The version of the verbal rant I presented for the episode 13 show was a much watered down version of what I had written.  The problem in presenting it for the podcast was that I suck at reading out loud, even when it’s my own writing.  Basically I just start reading faster and faster until I eventually run out of breath and collapse on the floor, going unconscious and inevitably soiling myself.  So, to avoid subjecting my co-hosts to this phenomenon, I ended up just kind of abbreviating the whole thing and trying to pluck the good parts from my not so great memory.

It’s pretty silly but hey, it’s my first attempt at a rant.  

Here’s it is:

Rant – Episode 13 – MMO’s should be more like sandwiches

It may shock you to discover that MMOs are not like sandwiches.  In a sandwich the beginning and end, or top and bottom, are bread and the middle is where all the delicious nutritious and oh so good for you stuff is.  With a sandwich each bite presents you with a little bit of all of the experiences and delights that the sandwich has to offer.  With a sandwich there are no surprises, unless it’s a crappy sandwich.  You don’t get halfway through a sandwich and run into a spot that is missing the spicy mustard, mayo, meat and/or cheese.  You get a pretty good experience all around and only the sandwich edge or crust is a little dicey. 

Following this line of reason, or lack thereof, you could say that the newbie experience would be the bottom piece of bread, slathered with some kind of delicacy like Helman’s mayo or Grey Poupon.  The mid game would be the meat, cheese, tomatoes, onions, whatever and finally we come to the end game.  The end game is the top piece of bread, seasoned with something to contrast starkly with the beginning game but nonetheless tasty and inspiring to the sandwich…er game; a nice finish to add to all the other key ingredients.  This formula for the basic sandwich is perfect and has remained a gastronomical wonder since the Earl of something or other first invented it while no doubt high on green absinthe. 

But MMOs are nothing like this.  First off you can’t eat them but let me really tell you what annoys me about them.  You start playing an MMO and you’re amazed at the potential of this wonderful new character you’ve painstakingly created.  You play through the beginning game content very fast and you gain powers and levels relatively quickly.  The developers have put a TON of time into making this introduction to the game so compelling and gripping that you don’t ever want to play anything else.  You move along at a reckless pace, learning how to cast your spells and wield you weapons.  You’re killing a vast array of mobs - some even more scary than snakes, rabbits, and wolves.  The quests have a good story line running as an undertone and you feel like you’re really making a name for yourself.  Everything is great!
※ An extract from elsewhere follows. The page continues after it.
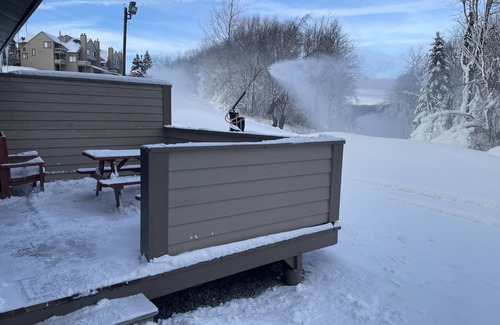 True Ski-in and Ski-out from your private rear deck on the Village Trail Slope. A remote-controlled gas-log fireplace will keep you warm and toasty as you look out over the Village Trail. Yes, The Winter Sonata Condominium, where the ski slope is in your backyard. Spend more time on the slopes rather than getting to the slopes. Ski-in from the Village Trail Slope onto the private rear deck of the condominium and ski-out from the same private rear deck of the condominium onto the Village Trail Slope and a 3 minute walk to Boomerang Trail. For winter stays from Dec 22, 2024 till March 15, 2025 there is the complementary use of a gas log fireplace with remote that also has a second protective standalone fire screen for safety. No walking around a huge building to get to the slope and no traversing huge open spaces to get to the ski-trail. (DISCLAIMER: Ski-in Ski-out is Weather Permitting i.e. if the weather is warm and there is no snow or insufficient snow on the Village Trail, then there is neither ski-in nor ski-out). Also the hot tub and pool are available from Memorial Day till Labor Day at the recreation center about 150 yards from the front door at no charge. During the balance of the year, hot tubs and an indoor pool is available at the lodge for a fee.

Queue screeching record coming to a halt.  You have just “progressed” to the mid game.  All of a sudden the world doesn’t seem so new and exciting.  A lot of the same mobs are trying to kill you but they now have different names like “insatiable, evil, dark maroon, ogre princess” but they still look, move, and attack you just like the “complacent, quasi-evil, pink, ogre princesses” you were killing three levels ago in the land that looked like this new place but which was slightly more green in tint.  Now instead of a fireball you are weiding the full firepower of a “fireball 2″ and your armor is now a “tarnished bronze bracer” instead of a “rusted tin bracer”. 

Don’t you hate it when this happens?  And then you realize that it’s going to be another 40 levels before you get to the high level content of the game where you can finally fight more mobs that look just like their younger weaker cousins but which have much more powerful sounding names.  In 40 more levels you can even finally have armor which doesn’t sound like you bought it from the medieval Salvation Army.  In 40 more freakin’ levels you can get mount that actually moves faster than you can run!  And finally, in 40 more levels you can finally go to the forbidden zones that no one but those 40 levels ahead of you call home.  And these zones will no doubt just be darker/lighter/redder/greener/bluer/or otherwise more menacing approximations of those zones you called home in your newbie phase.  And in 40 more levels your quests will still be more of the same but will just sound much more important.  Instead of “fetch me that broomstick” you’ll be doing “fetch me The Eye of the Sardonic Wind Lord Arthritis IV” or some such nonsense.

And finally when you do achieve the end game and can start running those dungeons in all those places you’ve heard the “l33t” discussing in guild chat you will realize that it’s pretty much finally a return to the high level of quality that you experienced when you started the game.  Yeah, levels 1-20 are typically a hand crafted, finely wrought game experience.  And the final game experience is much the same.  The middle is just the crap they continue to regurgitate for you as a vehicle to get from point a to point b.  It’s not at all like a wonderful sandwich.  There’s no provolone or salami here.  If an MMO was a sandwitch it would be a sandwich made out of lard at it’s center, wrapped in bacon.  Yeah, it’s like a lard fillet Mignon of sorts.  While the bacon is good and owes it’s great taste in part to the lard, the majority of it is just more of the same fatty crap.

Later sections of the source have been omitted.